Books

Whale Origins—Conquering the Seas

Science  12 Feb 1999:
Vol. 283, Issue 5404, pp. 943a
DOI: 10.1126/science.283.5404.943a

A review by John E. Heyning*

The Emergence of Whales Evolutionary Patterns in the Origin of Cetacea J. G. M. Thewissen, Ed. Plenum, New York, 1998. 491 pp. $115. ISBN 0-306-45853-5.

Along the now vanished shores of Tethys some 50 million years ago, a four-legged mammal ambled into the water and began one of the most dramatic morphological transformations in vertebrate evolution: the emergence of whales. Cetaceans are traditionally classified into the suborders Odontoceti, toothed whales and dolphins; Mysticeti, baleen whales; and Archaeoceti, a morphological grade of extinct whales, known only from the Eocene, that represent the transition from land dwellers to the two extant suborders. After a comprehensive overview of archaeocetes was completed by Remington Kellogg in 1936 (1), our knowledge of these early whales remained stagnant until the 1980s. Since then, a phenomenal proliferation of discoveries of new fossil taxa and the advances provided by new analytical tools have clarified many issues surrounding whale origins. The Emergence of Whales, an excellent multi-authored book edited by Hans Thewissen, offers a modern synoptic review of archaeocetes coupled with novel findings and new analyses.

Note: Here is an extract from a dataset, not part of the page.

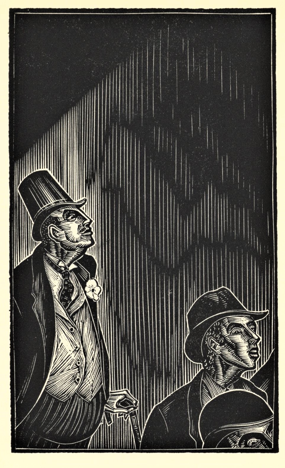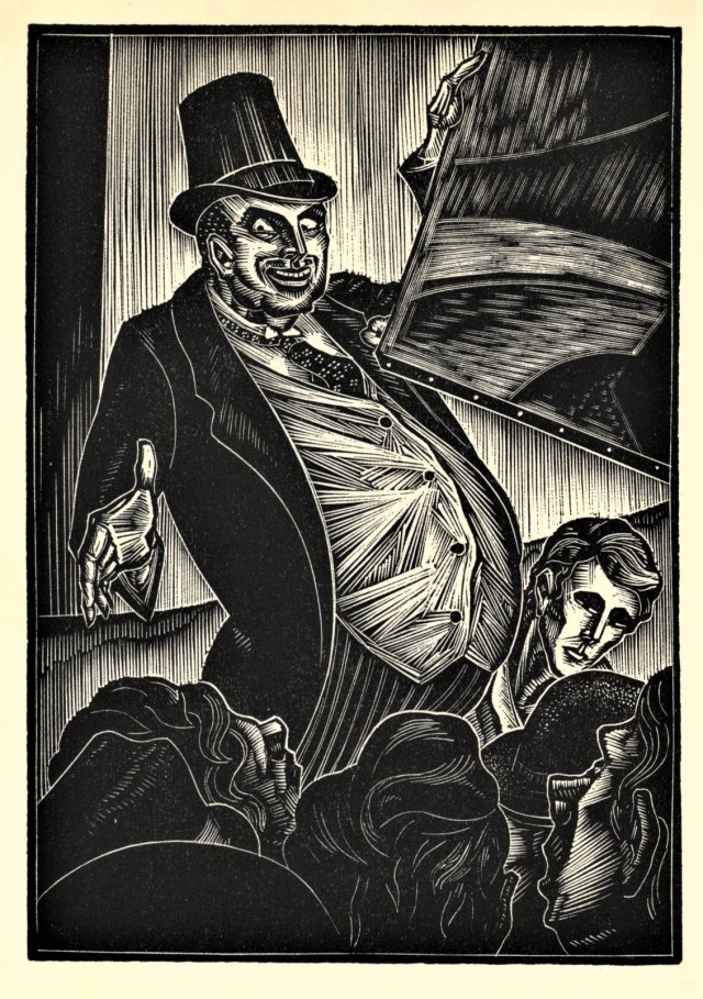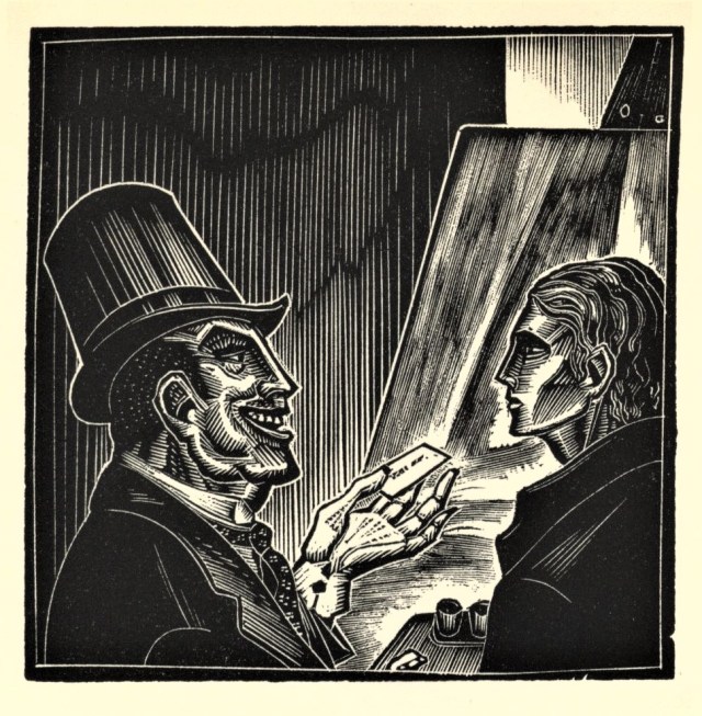 The first printing of God’s Man was published in two versions, a deluxe edition and a trade edition. The signed, limited edition of 409 copies was printed from the original wood engravings, but the first trade edition was printed from electrotype plates made from molds of the original boxwood woodblocks.

The claim that cetaceans are most closely related to ungulates (hoofed, grazing mammals) was first made over 100 years ago and has recently gained wide acceptance on the basis of molecular, morphological, and paleontological studies. The fossil record reveals numerous similarities between archaeocetes and mesonychians, a paraphyletic basal group of primarily carnivorous ungulates. This book, especially in the chapters dealing with dentition and the vascularization of the basicranium, more fully resolves the relationship between these two groups. For example, the immense mesonychian Andrewsarchus from Mongolia was previously thought to be closely related to cetaceans. Several phylogenetic analyses in this book suggest that Andrewsarchus actually falls outside the clade containing cetaceans and the mesonychids sensu stricto, and that the earlier assessment was based primarily on superficial similarities and size.

Contradicting morphology-based phylogenies, some analyses of molecular data, including two in this volume, suggest that cetaceans actually arose from within the order Artiodactyl (cows, pigs, camels) and that hippos are the living sister taxa to cetaceans. Previous experience suggests we should be cautious about wholeheartedly embracing such provocative hypotheses of relationships. More often than not, such controversial claims are found to be weakly supported or contradicted when scrutinized in more-detailed analyses (2) or examined using additional taxa or characters. For example, most analyses of the morphological data indicate that perissodactyls (horses, tapirs, rhinos) form the sister taxon to cetaceans (3), yet in all the molecular analyses this potential relationship either has not been fully explored or, in some cases, has been excluded by the designation of perissodactyls as an outgroup. Nonetheless, evaluating the most parsimonious and powerful explanation of all the observed characters warrants an analysis that includes all the available data.

One of the most dramatic morphological changes found in early cetaceans was the shift from quadruped locomotion to the axial undulation of swimming. Several chapters chronicle these changes through detailed examinations of the vertebral column, limb structure, and the presumed osteological correlates of tail flukes. In a provocative investigation, isotope ratios of oxygen and carbon within fossils are used to determine whether the Eocene cetaceans were capable of drinking seawater. One striking conclusion is how quickly these transitions occurred. Late in the Early Eocene, Pakicetus and its contemporaries were quadruped animals that drank freshwater. A few million years later, in the Middle Eocene, Rodhocetus and its kin were probably swimming with tail flukes, while feeding and drinking exclusively in the marine realm.

Without placing too much faith in the absence of fossils as evidence, the hypotheses that archaeocetes first evolved in fluvial or estuarian environments of the eastern Tethys and subsequently dispersed as the more morphologically and physiologically advanced forms conquered the oceans is certainly plausible. All of the morphologically most primitive and chronologically oldest fossil archaeocetes are found along the shores of the eastern Tethys, now India and Pakistan, whereas the more derived and fully marine protocetids and basilosaurids of the Middle and Late Eocene are found in rocks from Asia, North Africa, North America, and Antarctica.

The strength of The Emergence of Whales is its multi-disciplinary approach. Data from molecular genetics, functional morphology, isotopic signatures, and paleoecology are all set in a phylogenetic framework in order to provide insight into early whale evolution. Although the morphological perspective is not comprehensive, it offers important anatomical vignettes such as those relating to hearing and swimming. All told, the contributors have created an extremely data-rich volume from which scholars will glean knowledge for years to come.